TASK BRIEF:
Copy exactly the lines of the data below, beginning with the line with "Картина на холсте" and ending with the line with "3組では、個別の学習に取り組". Pictures are to be omitted.

RECORDS FOR PROCESSING:
↓

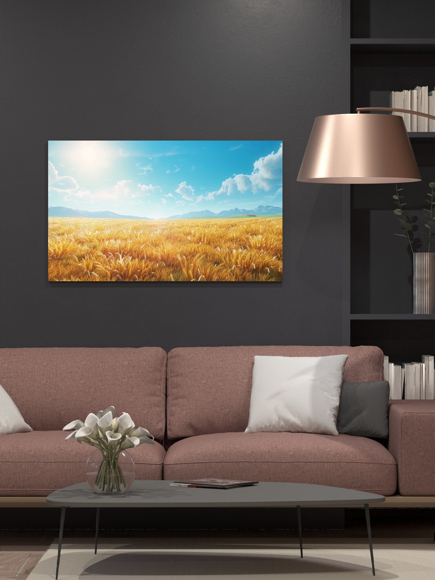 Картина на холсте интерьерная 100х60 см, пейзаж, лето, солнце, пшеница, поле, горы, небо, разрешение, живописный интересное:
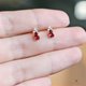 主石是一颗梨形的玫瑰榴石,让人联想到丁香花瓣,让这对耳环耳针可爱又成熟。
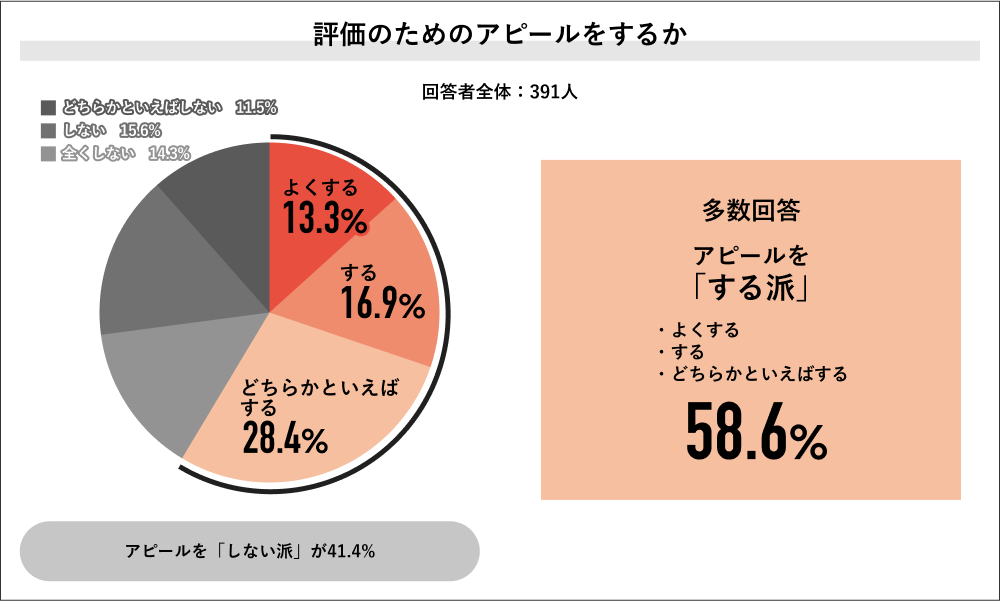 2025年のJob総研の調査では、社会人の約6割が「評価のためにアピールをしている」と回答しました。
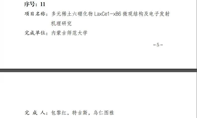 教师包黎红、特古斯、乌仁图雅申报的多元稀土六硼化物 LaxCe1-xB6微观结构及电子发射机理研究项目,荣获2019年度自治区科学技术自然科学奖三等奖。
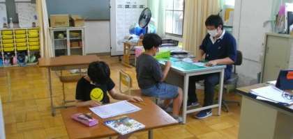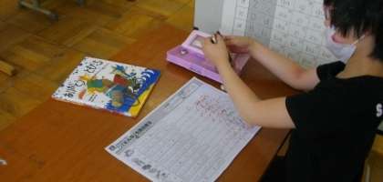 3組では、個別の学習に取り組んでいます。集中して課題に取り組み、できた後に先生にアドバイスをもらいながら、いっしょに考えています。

↑
↓

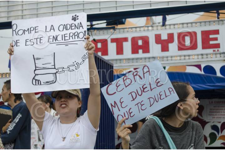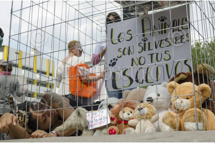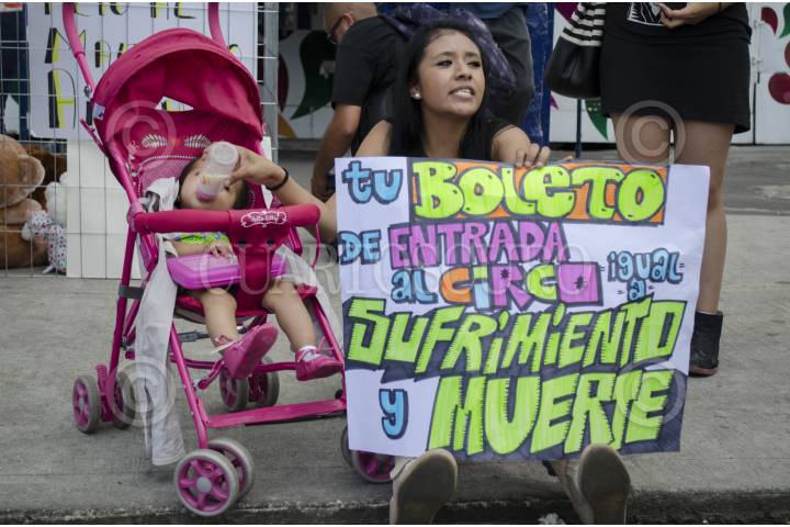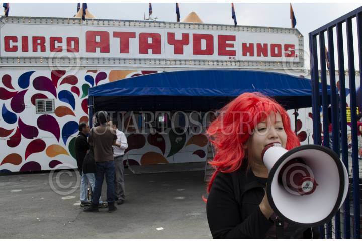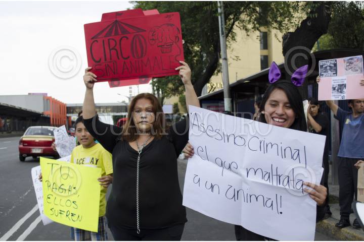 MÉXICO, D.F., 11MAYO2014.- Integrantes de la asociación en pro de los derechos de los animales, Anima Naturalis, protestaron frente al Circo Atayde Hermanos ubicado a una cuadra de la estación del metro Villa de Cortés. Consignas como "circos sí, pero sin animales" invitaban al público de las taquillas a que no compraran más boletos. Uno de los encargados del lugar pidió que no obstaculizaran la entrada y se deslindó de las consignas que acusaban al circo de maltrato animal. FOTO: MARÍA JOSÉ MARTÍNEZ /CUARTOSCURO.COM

↑
↓

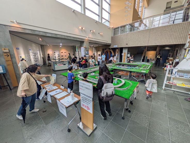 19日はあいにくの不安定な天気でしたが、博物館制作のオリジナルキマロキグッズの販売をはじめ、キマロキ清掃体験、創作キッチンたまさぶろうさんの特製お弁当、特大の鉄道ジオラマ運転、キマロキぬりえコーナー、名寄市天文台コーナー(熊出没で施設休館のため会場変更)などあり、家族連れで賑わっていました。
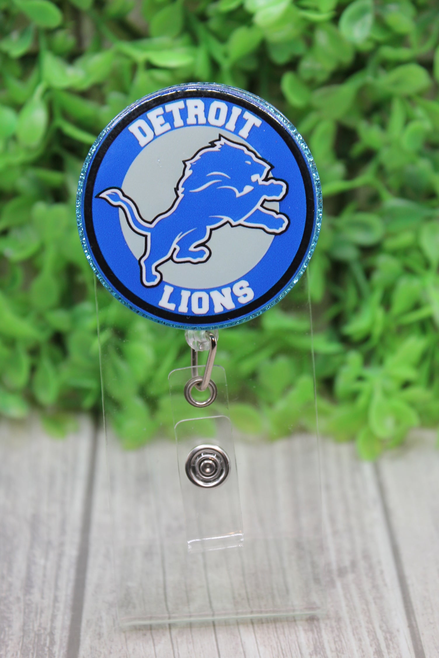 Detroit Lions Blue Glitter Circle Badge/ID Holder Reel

↑

REPLY:
 Картина на холсте интерьерная 100х60 см, пейзаж, лето, солнце, пшеница, поле, горы, небо, разрешение, живописный интересное:
 主石是一颗梨形的玫瑰榴石,让人联想到丁香花瓣,让这对耳环耳针可爱又成熟。
 2025年のJob総研の調査では、社会人の約6割が「評価のためにアピールをしている」と回答しました。
 教师包黎红、特古斯、乌仁图雅申报的多元稀土六硼化物 LaxCe1-xB6微观结构及电子发射机理研究项目,荣获2019年度自治区科学技术自然科学奖三等奖。
 3組では、個別の学習に取り組んでいます。集中して課題に取り組み、できた後に先生にアドバイスをもらいながら、いっしょに考えています。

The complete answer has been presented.